Startup pre-money valuations—the worth of a venture-backed startup before it seeks additional VC funding—rose to their highest levels since 2001, according to the VentureOne report. During the first quarter of 2005, typical pre-money valuations rose 23 percent over the same quarter last year.

Median valuations increased to $19 million for healthcare companies, up from $18.3 million during the first quarter of 2004. Information technology startups jumped in value to $15.5 million during the first quarter of 2005 from $10.3 million during the same period last year.

The largest valuation gains came to startups collecting first-round financing. Valuations improved 58 percent for early-stage companies.

“These first-round financings are more established than traditional early-stage deals,” said VentureOne’s John Gabbert. He cited the valuation increase as a product of bootstrapping and belt-tightening through 2002 and 2003.

The value of later-stage startups dipped to 24 percent.

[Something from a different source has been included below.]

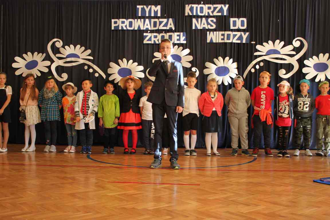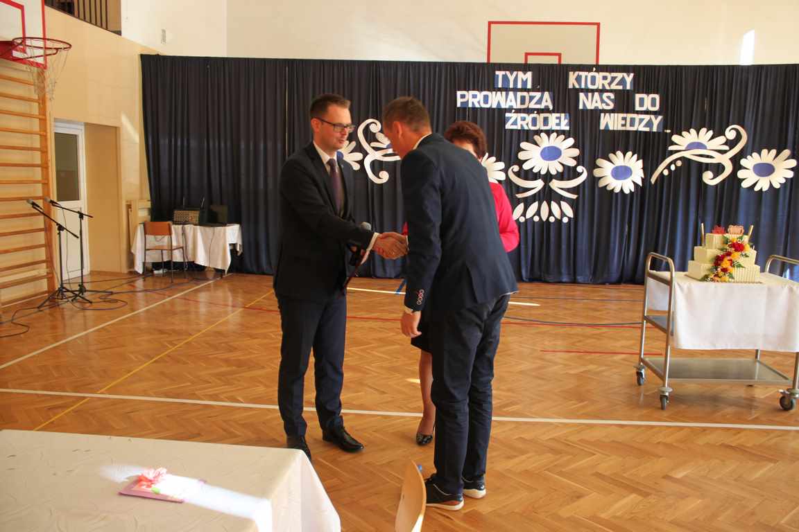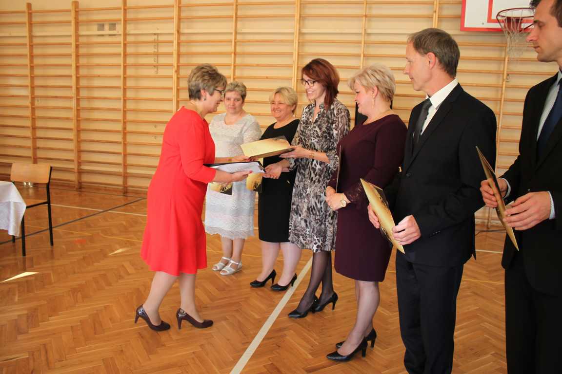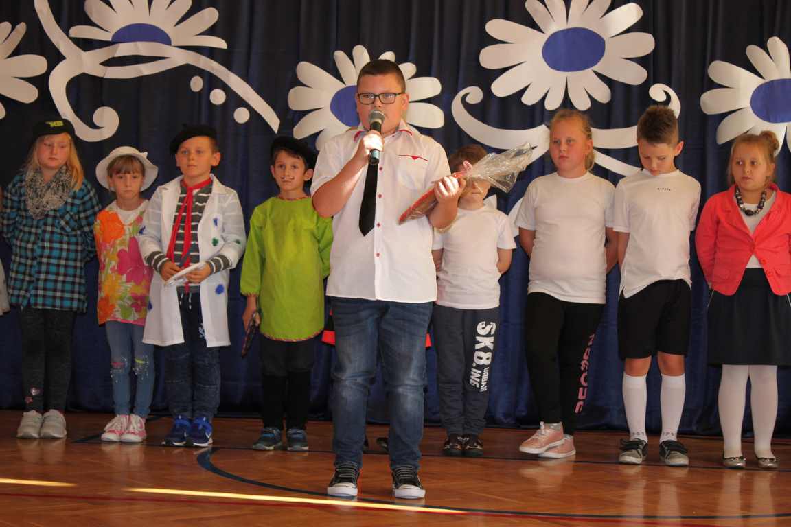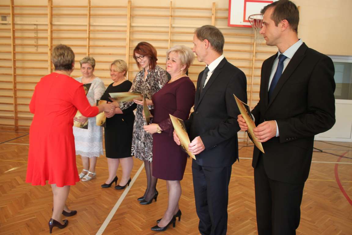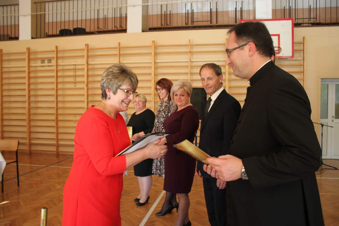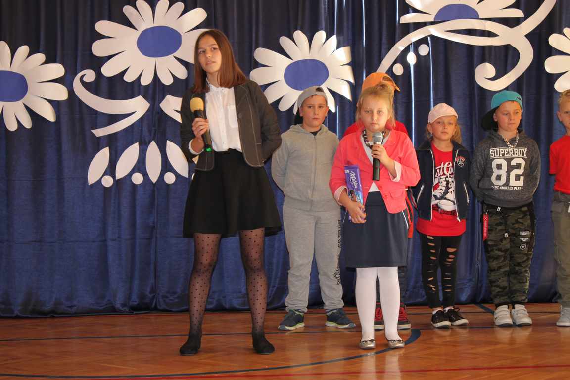 Dziś w naszej szkole odbyła się uroczystość z okazji Dnia Edukacji Narodowej, zwanego również Dniem Nauczyciela. Obchody rozpoczęliśmy modlitwą różańcową w kościele parafialnym w Wietrzychowicach, następnie zaś zgromadziliśmy się na sali gimnastycznej, gdzie klasy II i VIII b przedstawiły piękną akademię z humorem prezentującą życie szkoły, przygotowaną pod kierunkiem pań: Alicji Kozioł i Anny Sochy. Po części artystycznej, wójt gminy, pan Tomasz Banek oraz dyrektor szkoły, pani Jadwiga Łucarz, wręczyli nagrody wyróżniającym się nauczycielom i pracownikom szkoły. W świętowaniu tradycyjnie towarzyszyli nam liczni przyjaciele szkoły, którym serdecznie dziękujemy za obecność i chęć przeżywania z nami dzisiejszej uroczystości.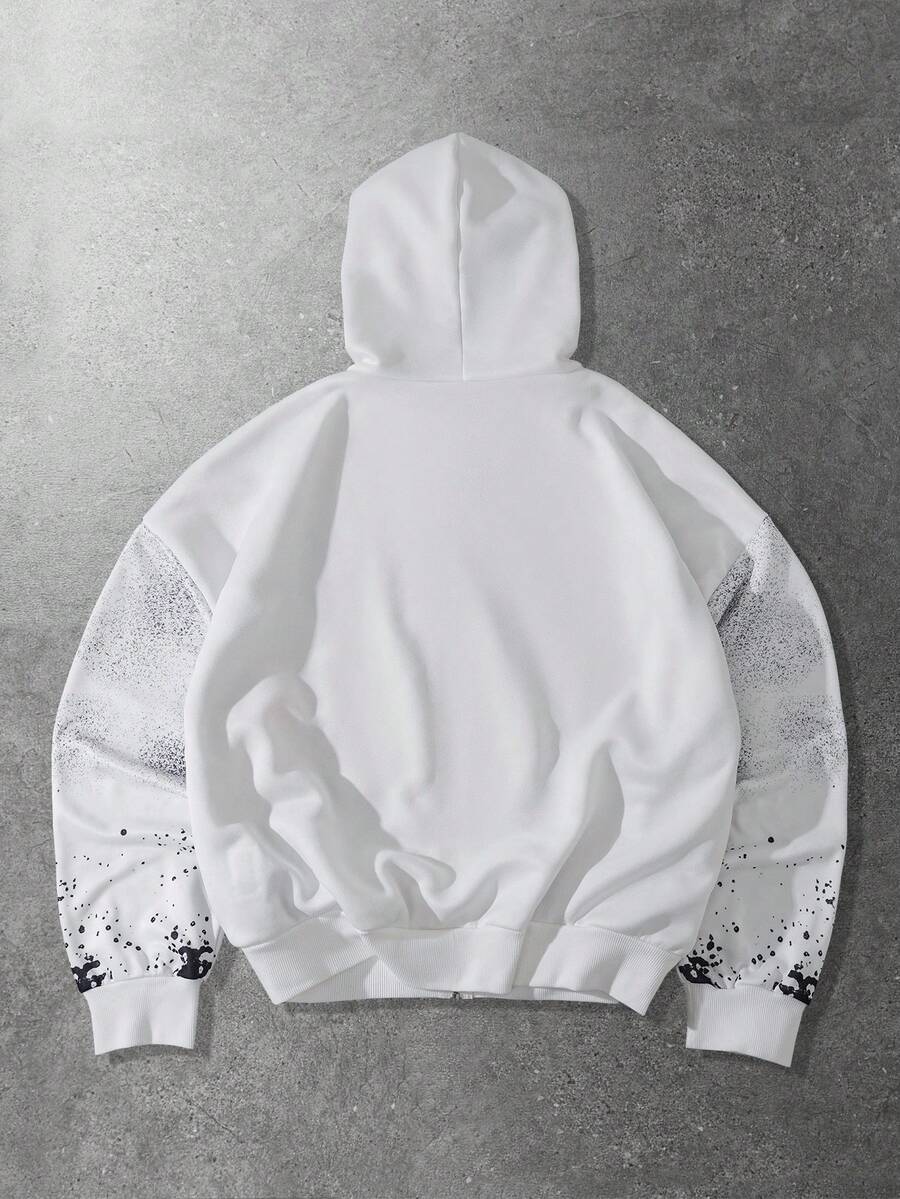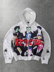 sweat-shirt à capuche zippé avec impression de portrait flou, style de rue rétro pour hommes

“The liquidity market has always affected private company valuations,” Mr. Gabbert said. “Given the uncertainty surrounding the current IPO market, it’s reasonable to expect a flattening of later-stage valuations.”

The IPO market had an anemic first quarter with only eight venture-backed companies going public (see Fewest IPOs Since 2003). Still, venture is outperforming other asset classes (see Venture Outperforms Nasdaq), which has attracted investor attention (see VCs Double Fundraising) despite the decline in venture funds (see Fewer VCs & Fewer Startups).

Venture Outperforms Nasdaq

The overall increase in valuation may be a product of pickier VCs. Funding during the first quarter dropped more than 16 percent as fewer startups got funding (see Venture Funding Down in Q1).